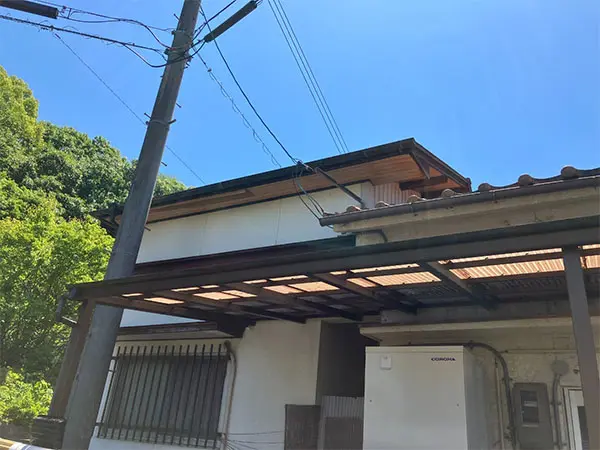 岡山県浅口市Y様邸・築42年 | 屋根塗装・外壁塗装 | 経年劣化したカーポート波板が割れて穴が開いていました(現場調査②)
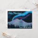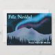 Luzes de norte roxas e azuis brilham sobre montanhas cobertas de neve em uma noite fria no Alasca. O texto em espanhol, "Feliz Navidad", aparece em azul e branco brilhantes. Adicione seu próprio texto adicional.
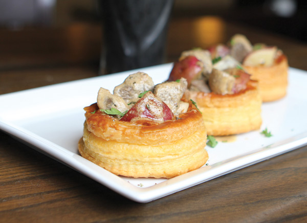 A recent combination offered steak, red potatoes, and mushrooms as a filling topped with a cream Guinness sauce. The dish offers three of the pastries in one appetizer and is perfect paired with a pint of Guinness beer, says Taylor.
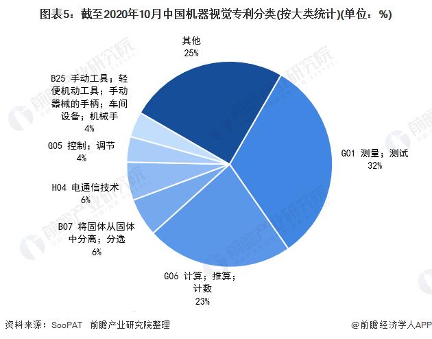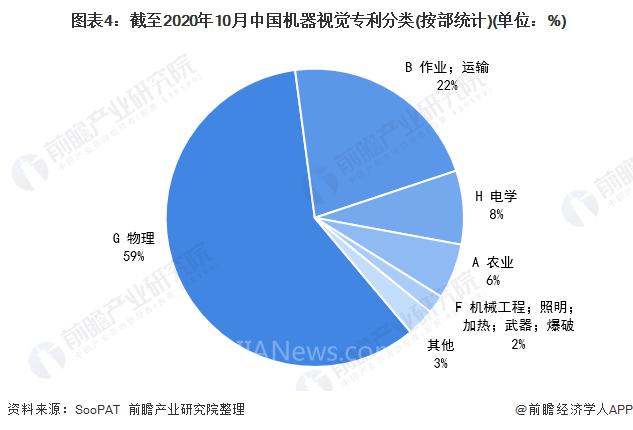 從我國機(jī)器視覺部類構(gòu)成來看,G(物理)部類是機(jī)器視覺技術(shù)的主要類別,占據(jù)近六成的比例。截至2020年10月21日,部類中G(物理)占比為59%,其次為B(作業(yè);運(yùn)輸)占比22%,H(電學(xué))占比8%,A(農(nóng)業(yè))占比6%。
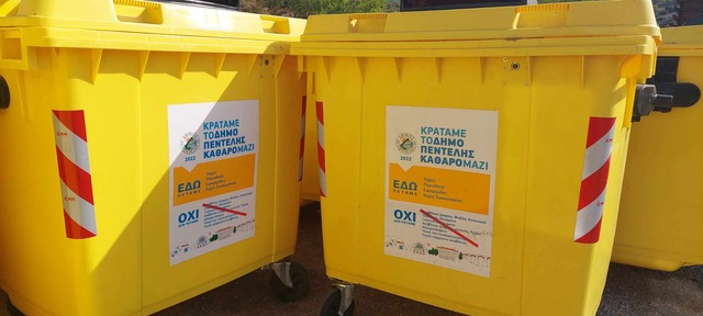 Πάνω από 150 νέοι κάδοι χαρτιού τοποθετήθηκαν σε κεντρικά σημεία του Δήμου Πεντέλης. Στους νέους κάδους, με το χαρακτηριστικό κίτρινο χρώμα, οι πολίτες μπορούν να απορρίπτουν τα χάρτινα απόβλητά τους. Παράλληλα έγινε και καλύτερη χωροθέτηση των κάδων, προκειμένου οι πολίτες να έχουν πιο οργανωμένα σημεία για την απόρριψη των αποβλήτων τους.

= = = = = = =

Only exact duplicates of the lines from the one containing "從我國機(jī)器視覺部類構" through the final line of the entries, both included, are needed, with pictures left out.

▶ **Solution to the problem**:
 從我國機(jī)器視覺部類構(gòu)成來看,G(物理)部類是機(jī)器視覺技術(shù)的主要類別,占據(jù)近六成的比例。截至2020年10月21日,部類中G(物理)占比為59%,其次為B(作業(yè);運(yùn)輸)占比22%,H(電學(xué))占比8%,A(農(nóng)業(yè))占比6%。
 Πάνω από 150 νέοι κάδοι χαρτιού τοποθετήθηκαν σε κεντρικά σημεία του Δήμου Πεντέλης. Στους νέους κάδους, με το χαρακτηριστικό κίτρινο χρώμα, οι πολίτες μπορούν να απορρίπτουν τα χάρτινα απόβλητά τους. Παράλληλα έγινε και καλύτερη χωροθέτηση των κάδων, προκειμένου οι πολίτες να έχουν πιο οργανωμένα σημεία για την απόρριψη των αποβλήτων τους.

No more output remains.